Once they start being killed, the Greeks may
Appreciate Agamemnon for what he is,
And the wide-ruling son of Atreus [Agamemnon] will see
What a fool he’s been because he did not honor
The best of all the fighting Achaeans [Achilles]. (185)
He is praying for the success of the enemy so he may retrieve his honor, stolen from him by Agamemnon when he took Briseus. This is the beginning of disorder in the Iliad, a disorder that reaches its pinnacle when Achilles does not honor Hector’s dead body as a true warrior should, but drags him behind his chariot in retaliation for the death of Patroclus.
The order is regained when Achilles’s prayer is reversed. The prayer in Book 1, quoted above, takes the following route: Achilles → Thetis → Zeus. However, in Book 24, on the top of page 258, beginning at line 177, the request for Achilles to acquiesce Hector’s body to Priam takes the opposite route, reestablishing order: Zues → Thetis → Achilles. The movement from violation to restoration of order leaves Achilles and Priam with a more explicit understanding of the values of their society.
Visual Aides:
Chronological_Structure_of_The_Iliad
The Iliad also complicates the idea that war is a simple battle between two opposing forces. Instead of a simple us against them mindset, the text shows the layering and complications of war:
1. Gods -vs- Gods: Hera -vs- Zeus; Athena -vs- Apollo.
2. Achaeans -vs- Trojans: Hector -vs- Patroclus; Achilles -vs- Hector.
3. Achaeans -vs- Achaeans: Agamemnon -vs- Achilles.

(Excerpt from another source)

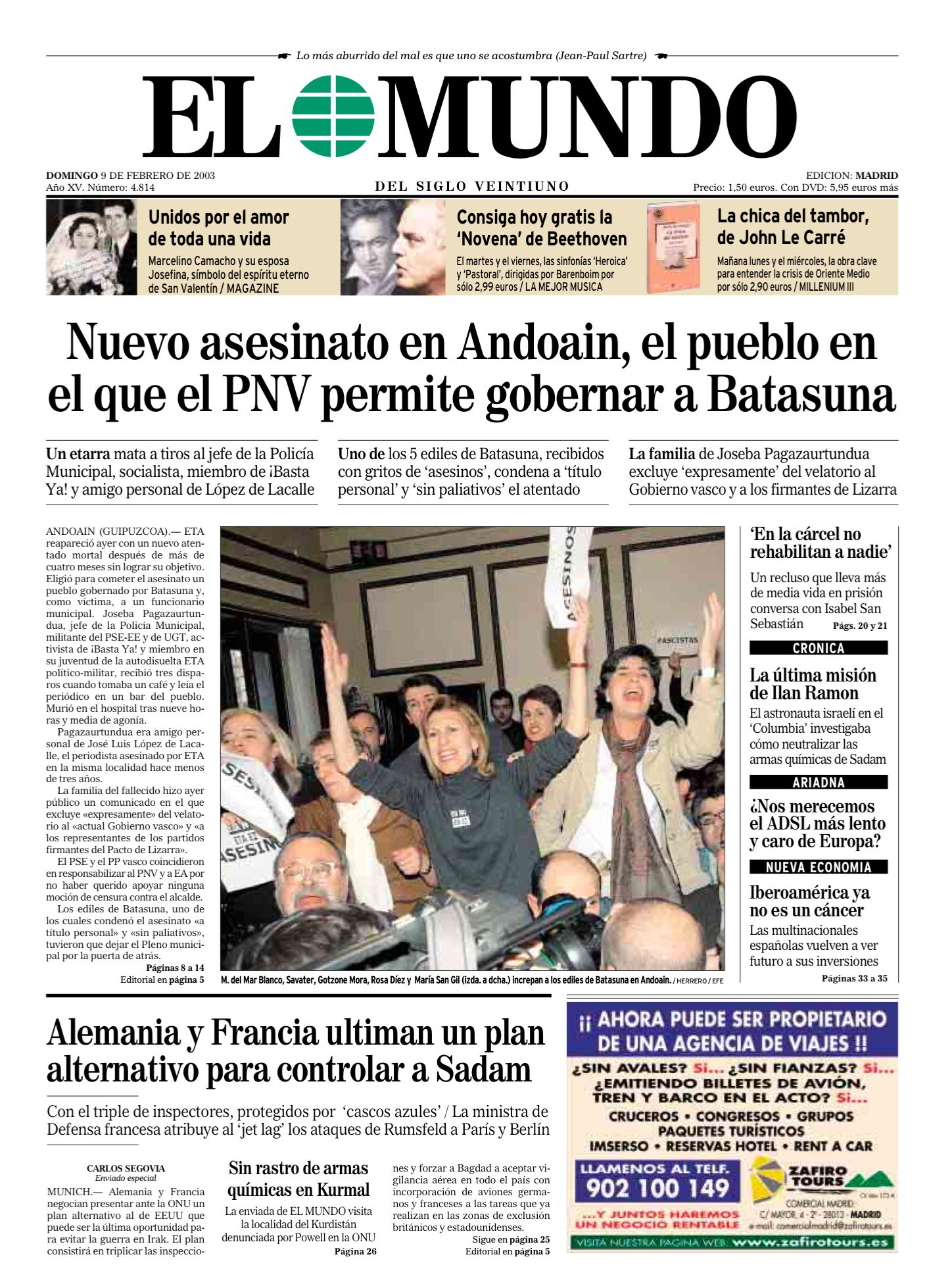 JOSEBA PAGAZAURTUNDÚA RUIZ asesinado el 8 de febrero de 2003 en Andoain.

5. Trojans -vs- Trojans: Hector -vs- Paris, who escapes battle with the help of a goddess.
6. Gods -vs- Trojans: Athena -vs- Hector: Book 22 Athena pretends to be Deiphobus and tricks Hector into feeling courage against Achilles in their final battle, p.248.

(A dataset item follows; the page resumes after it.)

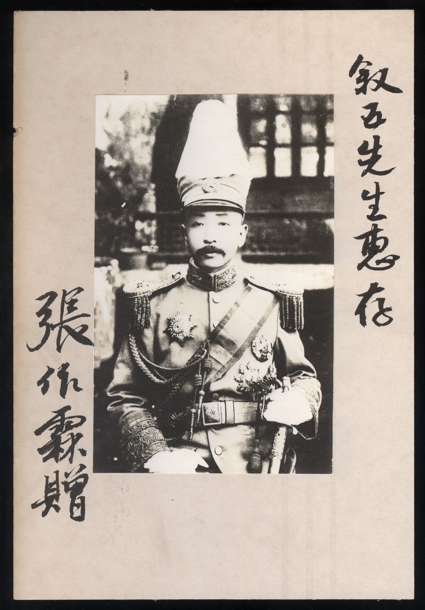 1920-30年代張作霖送贈友人軍裝照片,有張作霖簽名. 照片裱於厚紙上. 照片尺寸:m 13x8.4cm

7. Achaeans -vs- Gods: Diomedes in Book 5, not in our text, wounds both Ares and Aphrodite.
And what can we say about all the physical violence in The Iliad? According to scholar Bernard Knox:
The Iliad accepts violence as a permanent factor in human life and accepts it without sentimentality, for it is just as sentimental to pretend that war does not have its monstrous ugliness as it is to deny that it has its own strange power and beauty, a power, which can call out in men resources of endurance, courage and self-sacrifice that peacetime, to our sorrow and loss, can rarely command. Three thousand years have not changed the human condition in this respect; we are still lovers and victims of the will to violence, and so long as we are, Homer will be read as its truest interpreter.